● **AVAILABLE DATA**:
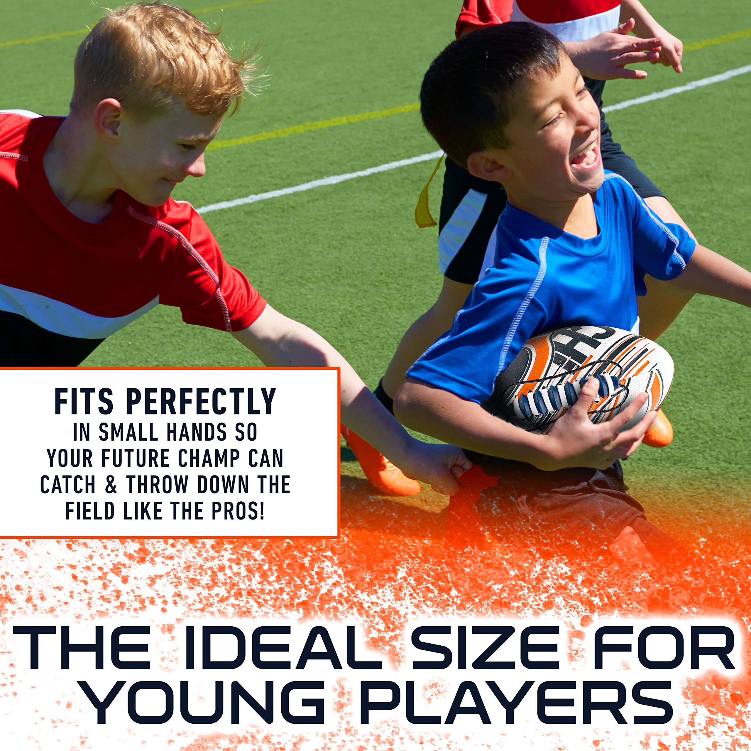 PERFECT SIZE: This 8.5" mini football is the ideal size to fit in a young players hands so your future champ can catch and throw down field like the Pros!
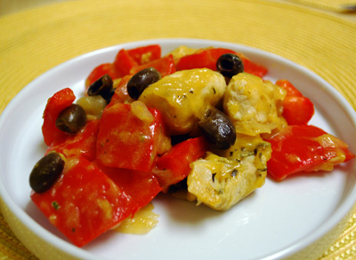 Ingredients- 450g of chicken breast (1lb) - 4 red bell peppers - 1tablespoon of french mustard - 1 white onion - black olives - oregano/basil/rosemary - 1 cup of potato starch - 1 glass of white wine |
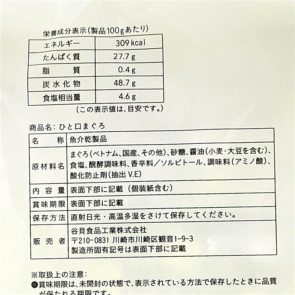 まぐろ(ベトナム、国産、その他)、砂糖、醤油(小麦、大豆を含む)、食塩、醗酵調味料、香辛料/ソルビトール、調味料(アミノ酸)、酸化防止剤(抽出V.E)
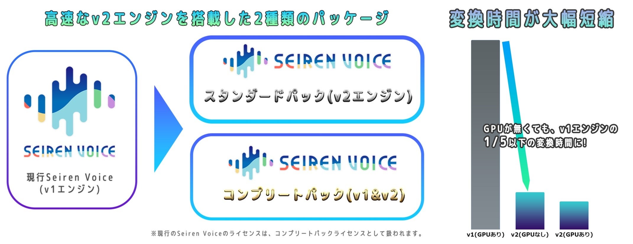 今後、v2音声ライブラリに対応した「Seiren Voice」においては、音声ライブラリv1とv2を両方利用できる「Seiren Voice コンプリートパック (v1&v2)」(価格:17,600円)とv2のみが利用可能な「Seiren Voice スタンダードパック (v2)」(価格:14,300円)を販売します。また、これまでのSeiren Voiceを購入した既存ユーザーのライセンスは、「Seiren Voice コンプリートパック (v1&v2)」のライセンスとして扱われ、v2音声ライブラリが公開され次第、無償で利用できるようになります。
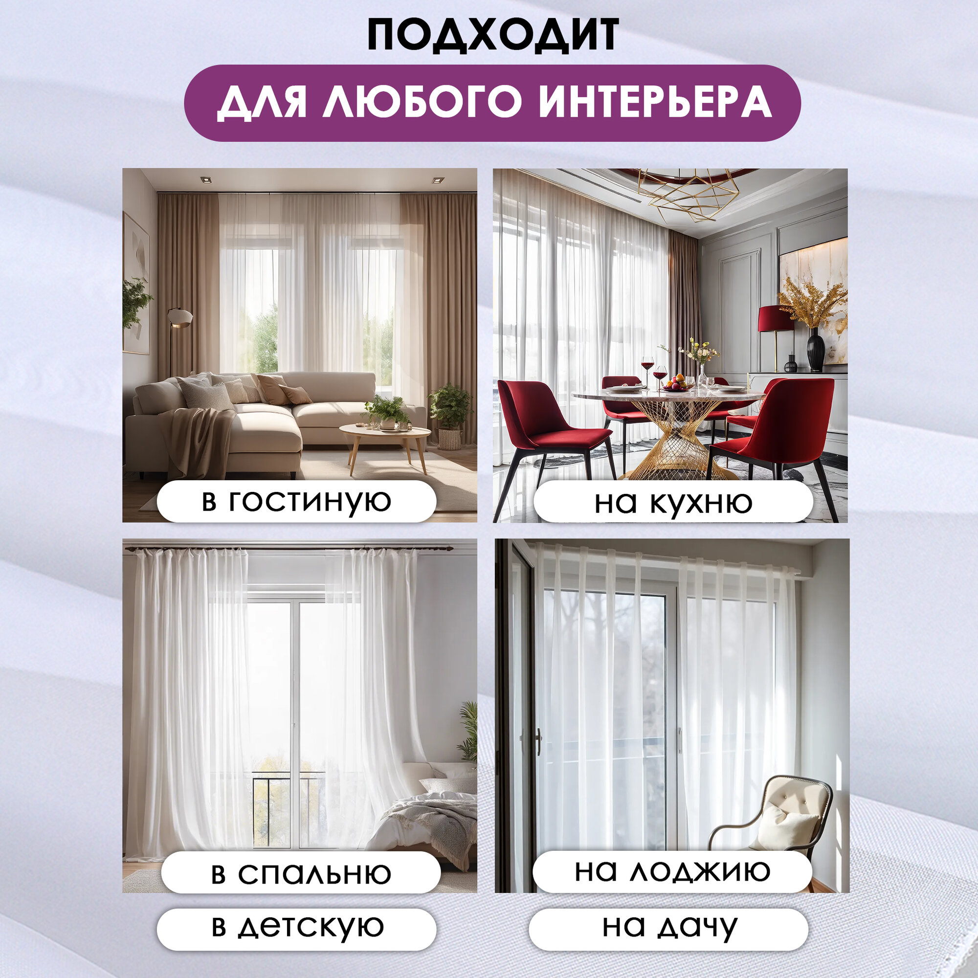 Тюль для гостиной Bio-Line на шторной ленте, тюль для спальни, тюль вуаль белая в гостиную в зал белая 500х240 см. интересное:
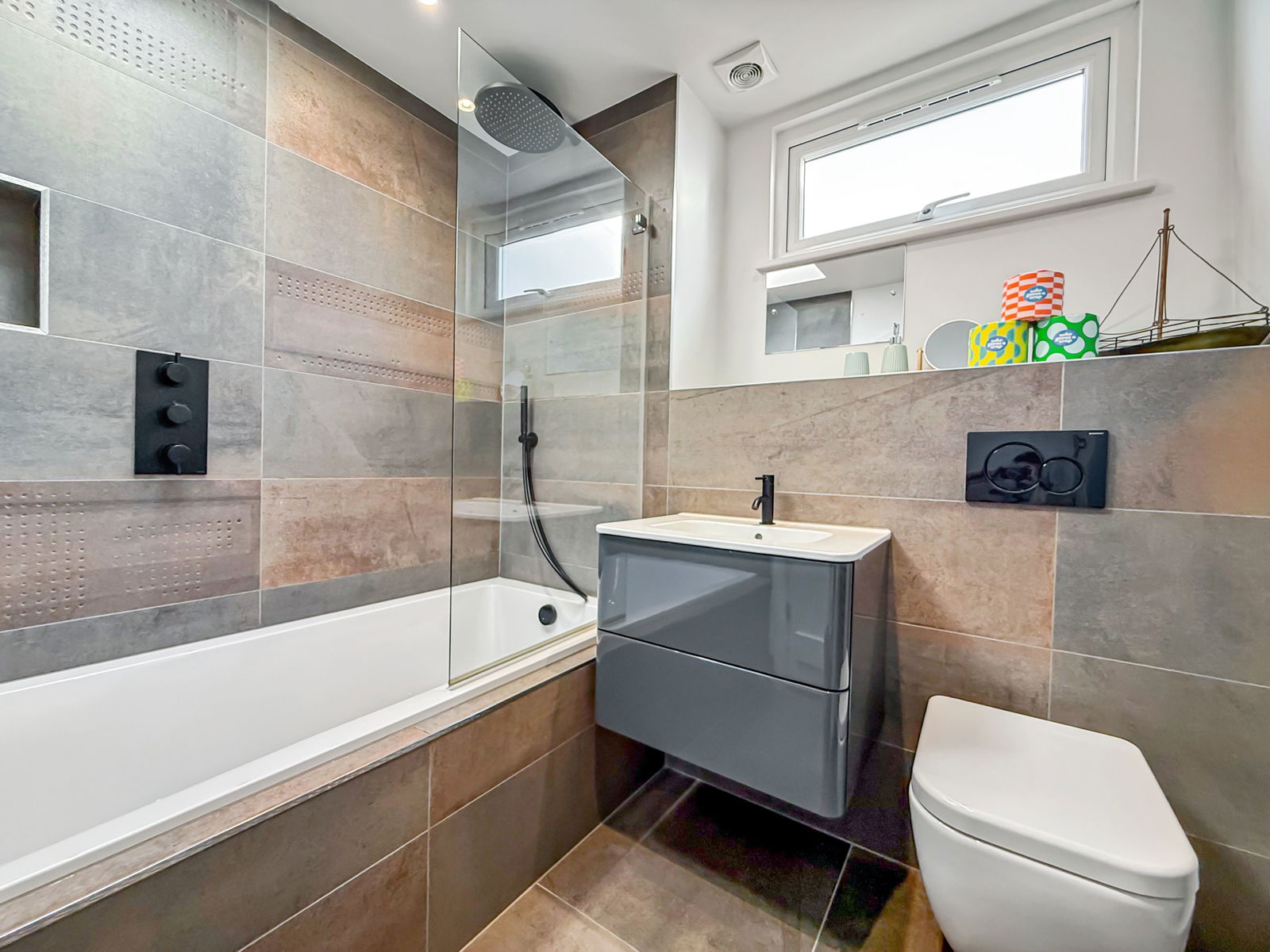 With high quality suite with beautiful tiled walls and flooring. Panelled bath with shower attachment, shower screen and rainfall shower head over. Wash hand basin with soft close drawers below and Geberit concealed cistern w.c. Extractor fan.
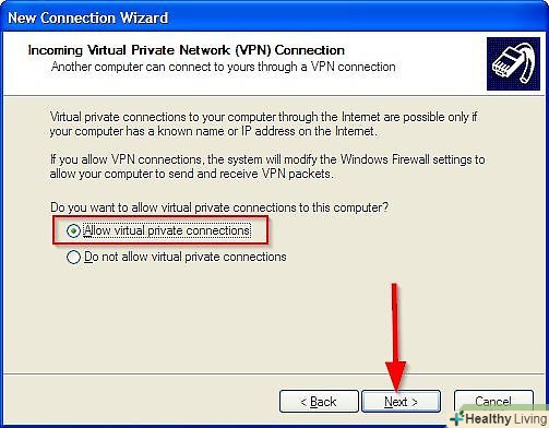 Виберіть Дозволити віртуальні приватні підключення.натисніть Далі.
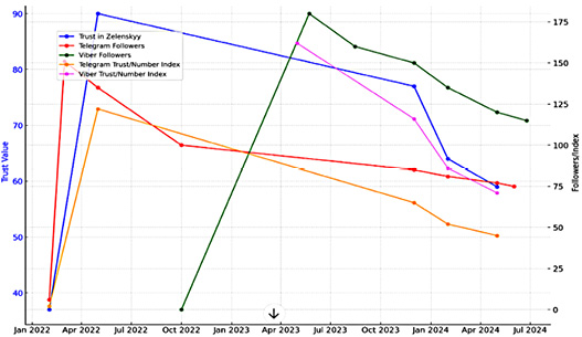 This comparison enabled us to calculate the trust/number valuence index by using the formula V = T x N / 106. On the above-outlined grounds, this index of valuence of Zelenskyy on the Telegram network was: February 2022 (before the Russian invasion) – 37 x 54473 / 106 = 2.0; May 2022 – 90 x 1350000 / 106 = 121.5; December 2023 – 77 x 849000 / 106 = 65.4; February 2024 – 64 x 811000 / 106 = 51.9; May 2024 – 59 x 770335 / 106 = 45.4. The trust/number valuence index of the President of Ukraine on Viber was: May 2023 – 90 x 1800000 / 106 = 162; December 2023 – 77 x 1500000 / 106 = 115.5; February 2024 – 64 x 1350000 / 106 = 86.4; May 2024 – 59 x 1200000 / 106 = 70.8.
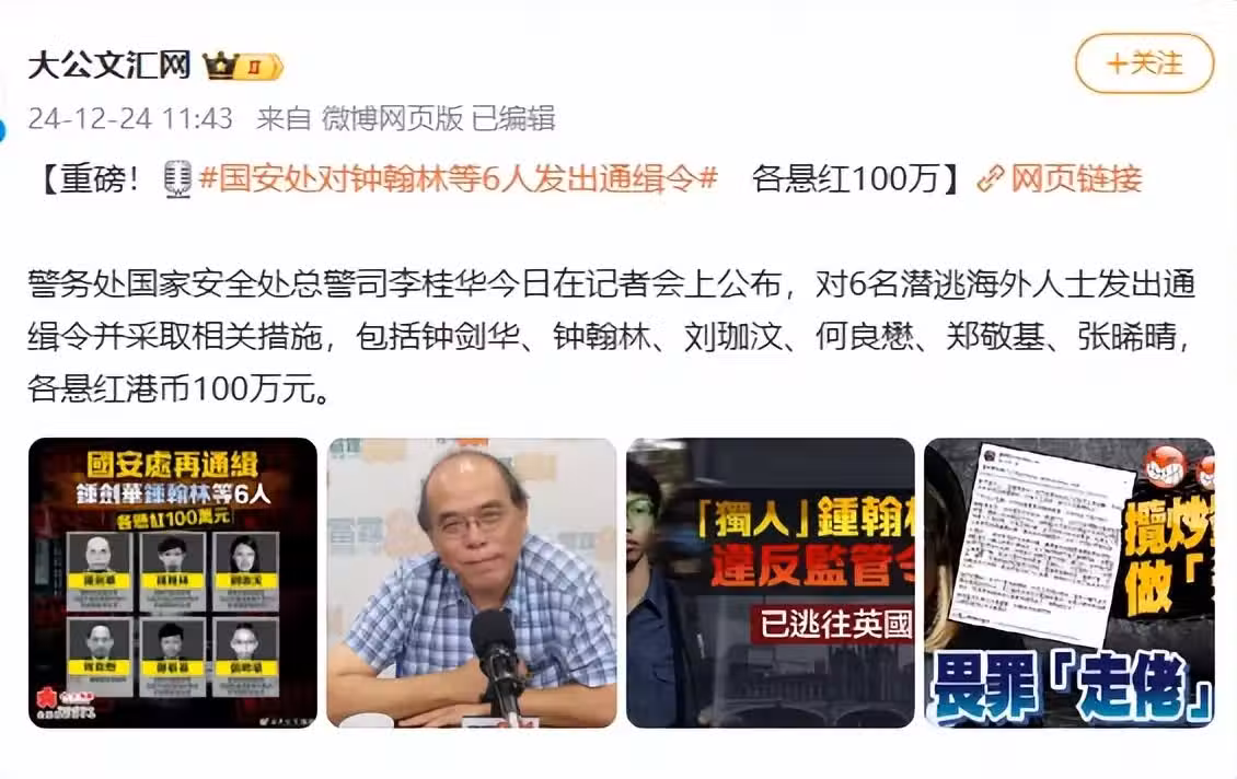 文中指出,鄭敬基在2020年7月到2024年6月期間,於某社交平台發布分裂國家的影片,請求外國對中國及中國香港進行「制裁」,於2020年6月25日離開香港,警方發布通緝令呼籲相關人士提供消息。
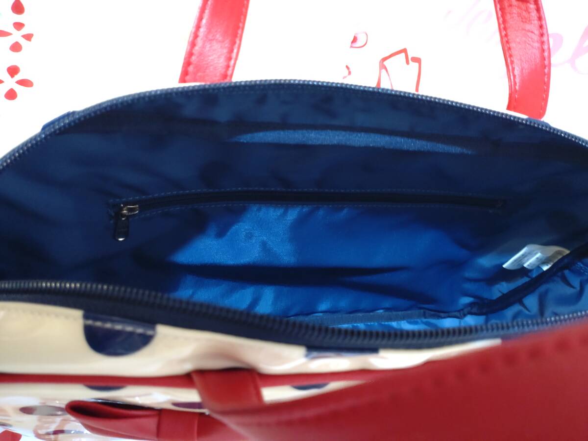 内側は片側にポケット2つ、もう片側にはファスナー付ポケットがあります。ショルダーベルト付きです。
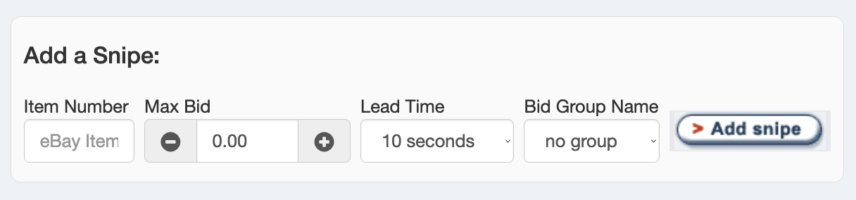 There are several ways to add a snipe. A snipe requires two things: An item number and a bid amount. Here are different ways to retrieve the item number.
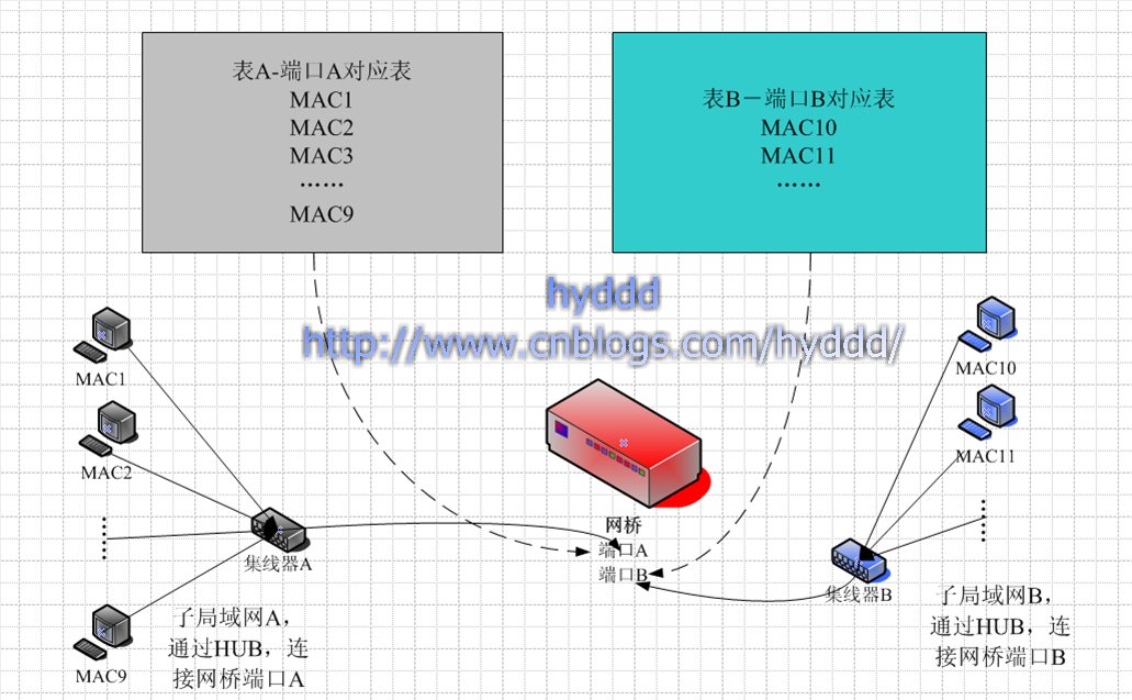網(wǎng)橋工作在數(shù)據(jù)鏈路層,將兩個局域網(wǎng)(LAN)連起來,根據(jù)MAC地址(物理地址)來轉發(fā)幀,可以看作一個“低層的路由器”(路由器工作在網(wǎng)絡層,根據(jù)網(wǎng)絡地址如IP地址進行轉發(fā))。它可以有效地聯(lián)接兩個LAN,使本地通信限制在本網(wǎng)段內,并轉發(fā)相應的信號至另一網(wǎng)段,網(wǎng)橋通常用于聯(lián)接數(shù)量不多的、同一類型的網(wǎng)段。

● **YOUR ASSIGNMENT**:
Having removed the pictures, write out the records exactly as they stand.

● **WRITTEN ANSWER**:
 PERFECT SIZE: This 8.5" mini football is the ideal size to fit in a young players hands so your future champ can catch and throw down field like the Pros!
 Ingredients- 450g of chicken breast (1lb) - 4 red bell peppers - 1tablespoon of french mustard - 1 white onion - black olives - oregano/basil/rosemary - 1 cup of potato starch - 1 glass of white wine |
 まぐろ(ベトナム、国産、その他)、砂糖、醤油(小麦、大豆を含む)、食塩、醗酵調味料、香辛料/ソルビトール、調味料(アミノ酸)、酸化防止剤(抽出V.E)
 今後、v2音声ライブラリに対応した「Seiren Voice」においては、音声ライブラリv1とv2を両方利用できる「Seiren Voice コンプリートパック (v1&v2)」(価格:17,600円)とv2のみが利用可能な「Seiren Voice スタンダードパック (v2)」(価格:14,300円)を販売します。また、これまでのSeiren Voiceを購入した既存ユーザーのライセンスは、「Seiren Voice コンプリートパック (v1&v2)」のライセンスとして扱われ、v2音声ライブラリが公開され次第、無償で利用できるようになります。
 Тюль для гостиной Bio-Line на шторной ленте, тюль для спальни, тюль вуаль белая в гостиную в зал белая 500х240 см. интересное:
 With high quality suite with beautiful tiled walls and flooring. Panelled bath with shower attachment, shower screen and rainfall shower head over. Wash hand basin with soft close drawers below and Geberit concealed cistern w.c. Extractor fan.
 Виберіть Дозволити віртуальні приватні підключення.натисніть Далі.
 This comparison enabled us to calculate the trust/number valuence index by using the formula V = T x N / 106. On the above-outlined grounds, this index of valuence of Zelenskyy on the Telegram network was: February 2022 (before the Russian invasion) – 37 x 54473 / 106 = 2.0; May 2022 – 90 x 1350000 / 106 = 121.5; December 2023 – 77 x 849000 / 106 = 65.4; February 2024 – 64 x 811000 / 106 = 51.9; May 2024 – 59 x 770335 / 106 = 45.4. The trust/number valuence index of the President of Ukraine on Viber was: May 2023 – 90 x 1800000 / 106 = 162; December 2023 – 77 x 1500000 / 106 = 115.5; February 2024 – 64 x 1350000 / 106 = 86.4; May 2024 – 59 x 1200000 / 106 = 70.8.
 文中指出,鄭敬基在2020年7月到2024年6月期間,於某社交平台發布分裂國家的影片,請求外國對中國及中國香港進行「制裁」,於2020年6月25日離開香港,警方發布通緝令呼籲相關人士提供消息。
 内側は片側にポケット2つ、もう片側にはファスナー付ポケットがあります。ショルダーベルト付きです。
 There are several ways to add a snipe. A snipe requires two things: An item number and a bid amount. Here are different ways to retrieve the item number.
網(wǎng)橋工作在數(shù)據(jù)鏈路層,將兩個局域網(wǎng)(LAN)連起來,根據(jù)MAC地址(物理地址)來轉發(fā)幀,可以看作一個“低層的路由器”(路由器工作在網(wǎng)絡層,根據(jù)網(wǎng)絡地址如IP地址進行轉發(fā))。它可以有效地聯(lián)接兩個LAN,使本地通信限制在本網(wǎng)段內,并轉發(fā)相應的信號至另一網(wǎng)段,網(wǎng)橋通常用于聯(lián)接數(shù)量不多的、同一類型的網(wǎng)段。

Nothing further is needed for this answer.